Pharmacy practice, even though it is heavily engaged with mainstream medicine also comes under attack because its complementary and alternative medicine “roots” are not in accord with Big Pharma marketing objectives.
The medical profession has basically “fronted” for this dysfunctional culture, but there are signs of some small cracks appearing in this cultural fabric.
This culture has also been responsible for a slow-down in the progression of pharmacy development and practice coupled with the systemic problems of a PBS system reaching the end of its life cycle.
Pharmacy “core practice” has been correctly identified as needing to embrace a higher service content balanced with traditional dispensing and supply chain function.

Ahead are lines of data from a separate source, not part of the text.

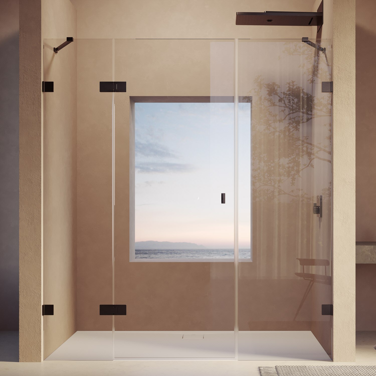 - Rahmenlose Tür mit einem Glasflügel, nach innen und außen öffnend, mit einem festen Segment und Nebenteil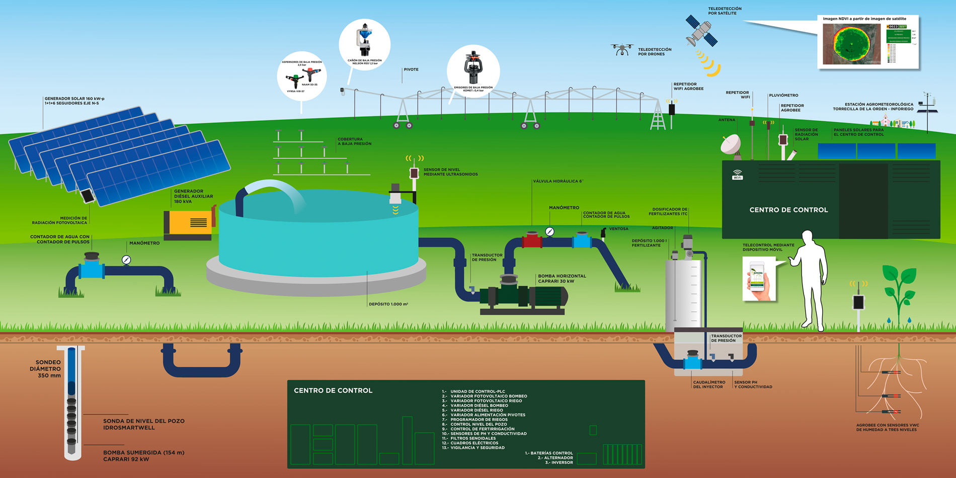 utilizar emisores capaces de trabajar a presiones muy bajas en los pivotes y coberturas, e instalaciones de goteo.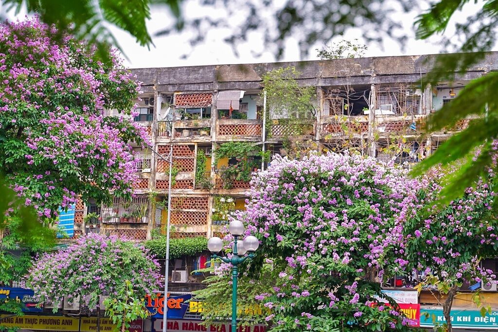 | Les fleurs de "bang lang" s'épanouissent devant un immeuble ancien. |
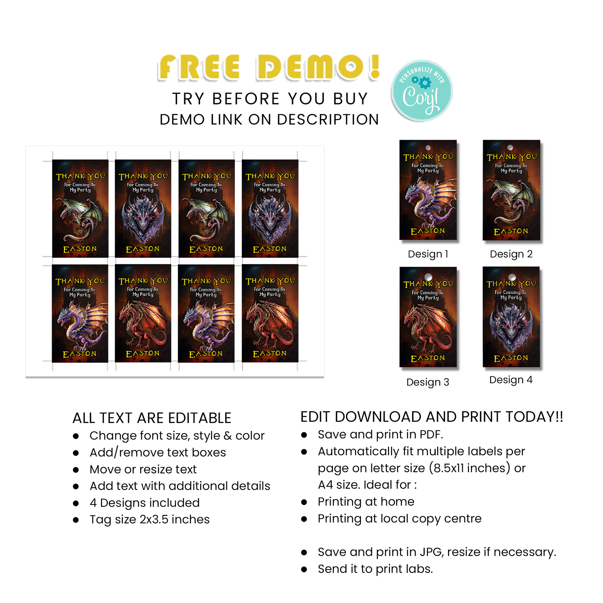 Dragon Themed Favor Tags/Thank You Tags for Party Favors

It is now time that community pharmacy takes up the challenge to reinvent itself by shrugging off the continuous pharma/medical profession interference and simply sharpen its focus to get on with the job.

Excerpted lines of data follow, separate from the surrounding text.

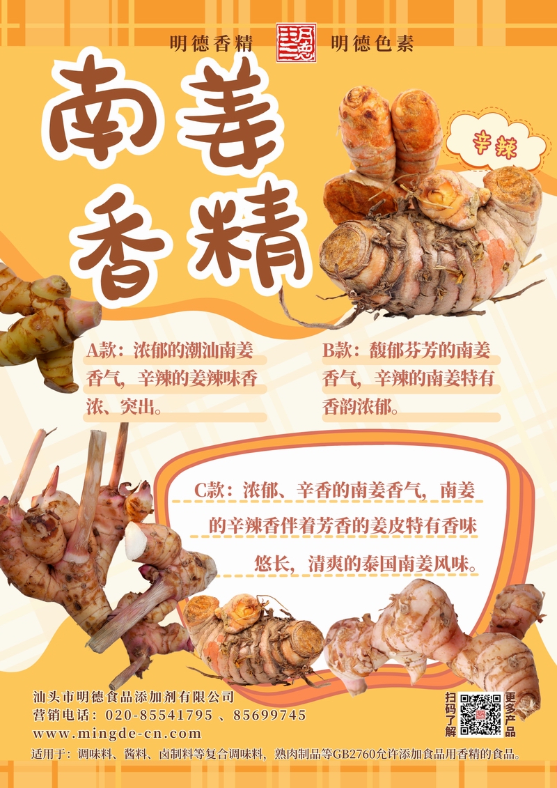 明德南姜香精 辛香鮮明 覆蓋鹵醬腌制與東南亞風(fēng)味汕頭市明德食品添加劑有限公司推出的南姜主題香精,覆蓋多種品類,風(fēng)味真實、留香穩(wěn)定,適用于醬料、腌制料、調(diào)理食品、肉制品、鹵制品、熟肉制品、復(fù)合調(diào)味等B端應(yīng)用。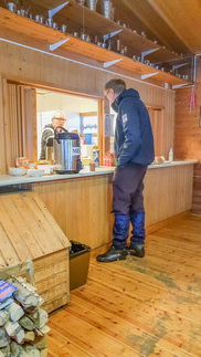 Suonummen majalle saavuin puoli yhden korvilla huomatakseni olevan ainoa vieras. Edellisenä päivänä samassa savussa kuitenkin vieraili puolenkymmentä vierasta siellä vieraillessani. Kanttiinia pitänyt naishenkilö oli kuitenkin puheliaalla päällä, joten sain kuulla esimerkiksi, että yhdistystämme varten aamulla tuota latua oli avaamassa peräti kaksi kelkkaa, toinen Kiistaveikoilta ja toinen Riihimäen retkeilijöiltä. Harmittelinkin emännälle, ettei meitä tällä kertaa matkaan ollut saatu yhtään useampaa hiihtäjää. Muistelin, että parhaimmillaan suksenkantojani seuraamassa on ollut jopa viidentoista hiihtäjän letka, yleisimmin kuitenkin 3 – 6 suksijaa. Kahteen viime vuoteen emme ole noita latuja kuitenkaan päässeet testaamaan lumenpuutteen vuoksi.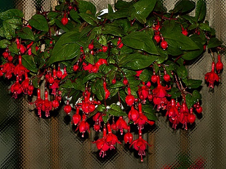 Цветение фуксии "Marinka" на даче в жаркое лето 2010 года. Сколько раз мои попытки выращивания фуксии оканчивались плачевно: не переносили они жарких летних дней на даче... И вот только Marinka подтвердила звание самой терпимой к жаре фуксии. Всё лето провела на северной стороне дома и ежевечерне принимала душ из шланга вместе со всеми садовыми растениями...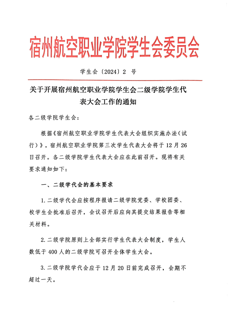 学生会〔2024〕2 号关于开展彩神Vll学院二级学院学代会工作通知

That job involves designing community pharmacies that are larger in physical size and create a form of a “health hub” embracing clinical pharmacy services and hosting other health modalities to create choice and diversity for patients.
That also involves collaboration with those members of the medical profession that have held fast to ethical values in health, despite their aggressive leaders preaching a different tune.
The lead article in this edition illustrates that a collaborative process can exist for mutual benefit and respect for all – patient, pharmacist and doctor.
Pharmacy consultancy programs should be developed only to service an unmet need in a clearly defined health segment and basically engage patients initially in health literacy consultations
The community pharmacy that needs to emerge is one that will facilitate and host a range of diverse health services delivered in carefully designed clinical spaces within each pharmacy.
Retailing will still remain a strong feature, but crafted as a mechanism to recruit new customers that creates a pool of potential patients.
The primary pharmacy marketing effort evolves around methods of customer-to-patient conversion.
Adopting the above strategy keeps pharmacy direction towards a unique core business that will be supported by patients – the reason for being.

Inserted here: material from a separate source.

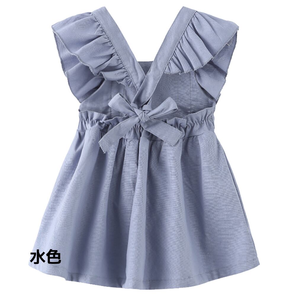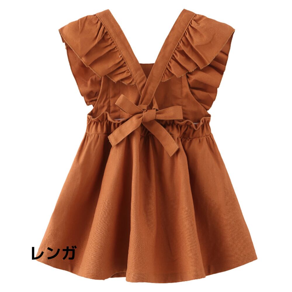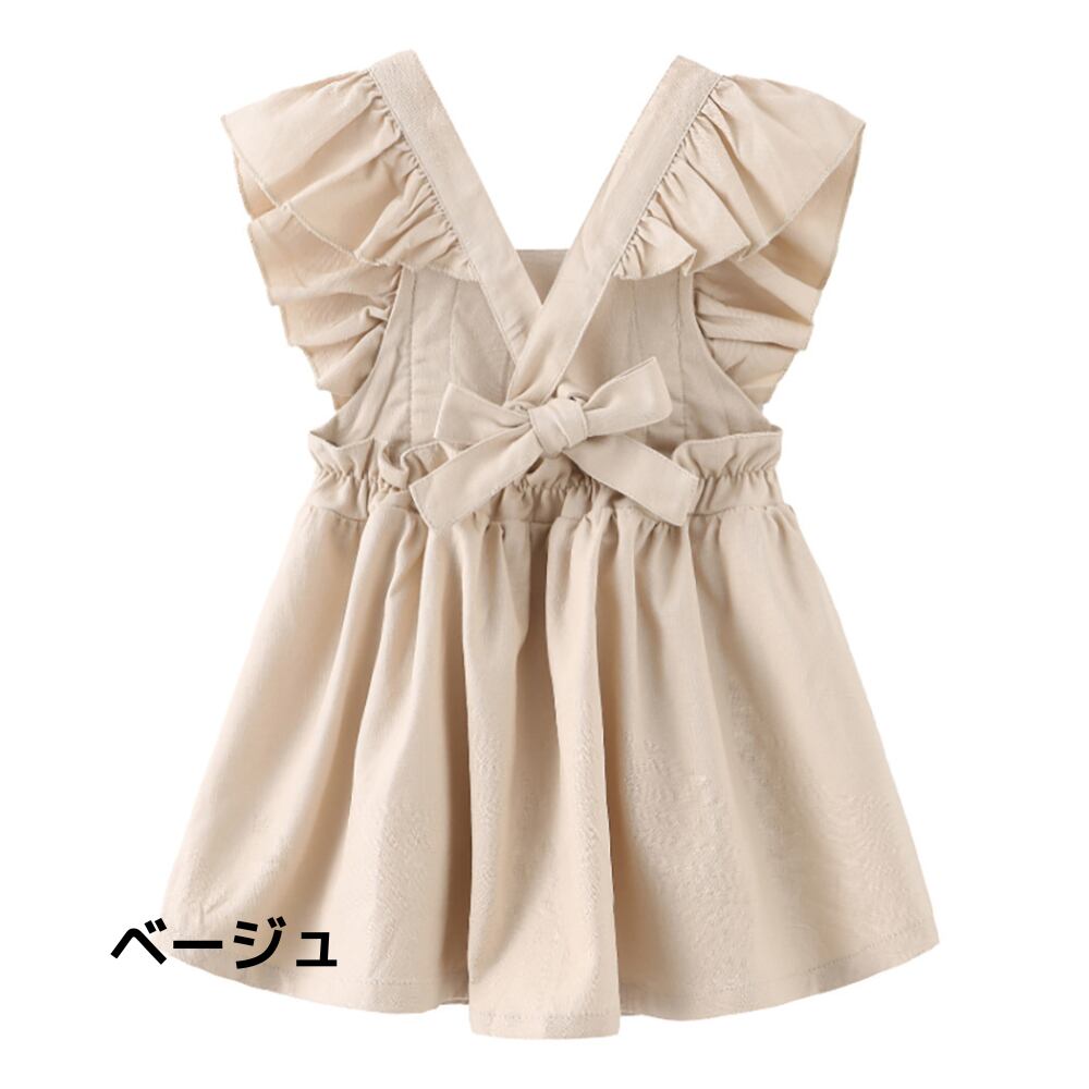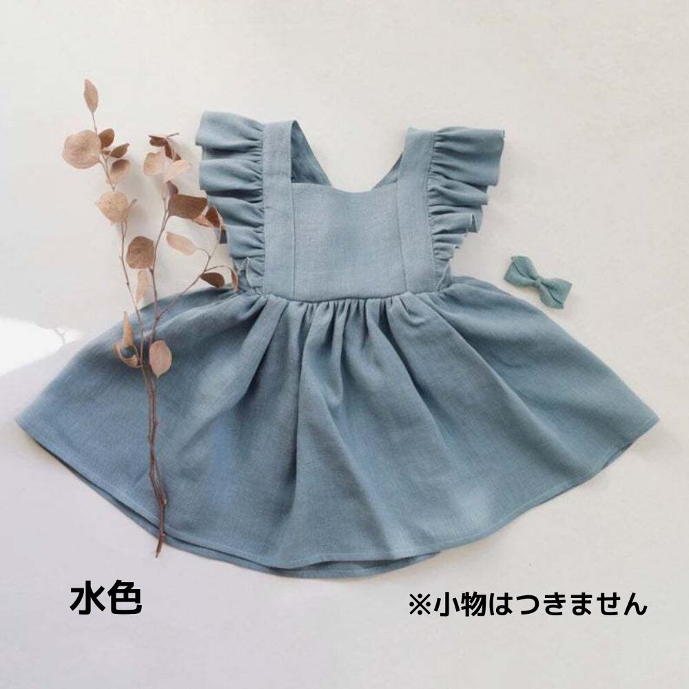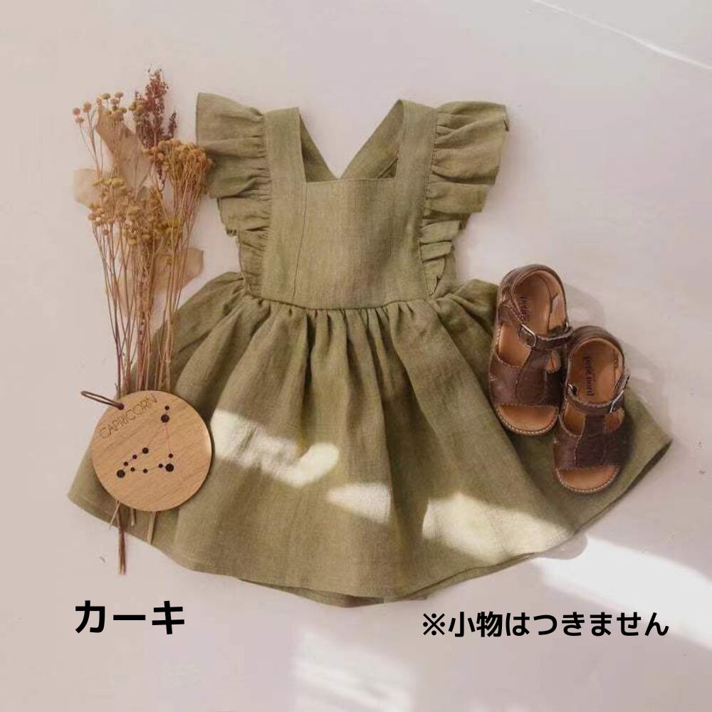 【綿麻の上質な風合い】大きな肩フリルのエプロン風ワンピース

Our lead article for this edition describes such a concept.
Sometimes you read about a certain concept and it just “feels right”.
The pilot study described in the lead article  has just that “feel”.
First reported in the UK Pharmaceutical Journal, it describes a collaboration between Community Pharmacists and local GP’s, in the County of Staffordshire in the UK.
It is a respectful and shared collaboration (not a master-servant relationship) that solves a number of major problems – incorrect prescribing of antibiotics, eliminates the cost of wasteful use of GP services, increases health literacy opportunities by pharmacists and provides high levels of patient satisfaction.
And overall, reduces a range of costs within the public health system.
Most importantly, the collaborative builds on existing resources innovatively without having to “reinvent the wheel”.
Read: A Sensible Community Pharmacy & GP Collaboration

Gerald Quigley is back and poses a rhetorical question as to whether community pharmacists are able to make a difference for patients suffering mental health issues.
So here is an actual unmet need that deserves attention.
The real question proposed by the writer of this article is, how do we design a system that recruits suitable patients, measures progress of any interventional activity and may involve collaboration with other specialist health providers?
And above all provide high levels of patient satisfaction, while simultaneously reducing costs to the health system overall.
A bit like the Respiratory Tract Infection pilot study that forms i2P’s lead article for this edition – a model that could be adapted to an entire range of health issues and create opportunities for community pharmacists in health literacy consultations and biometric measurements.
Read: Can we make a difference on mental health?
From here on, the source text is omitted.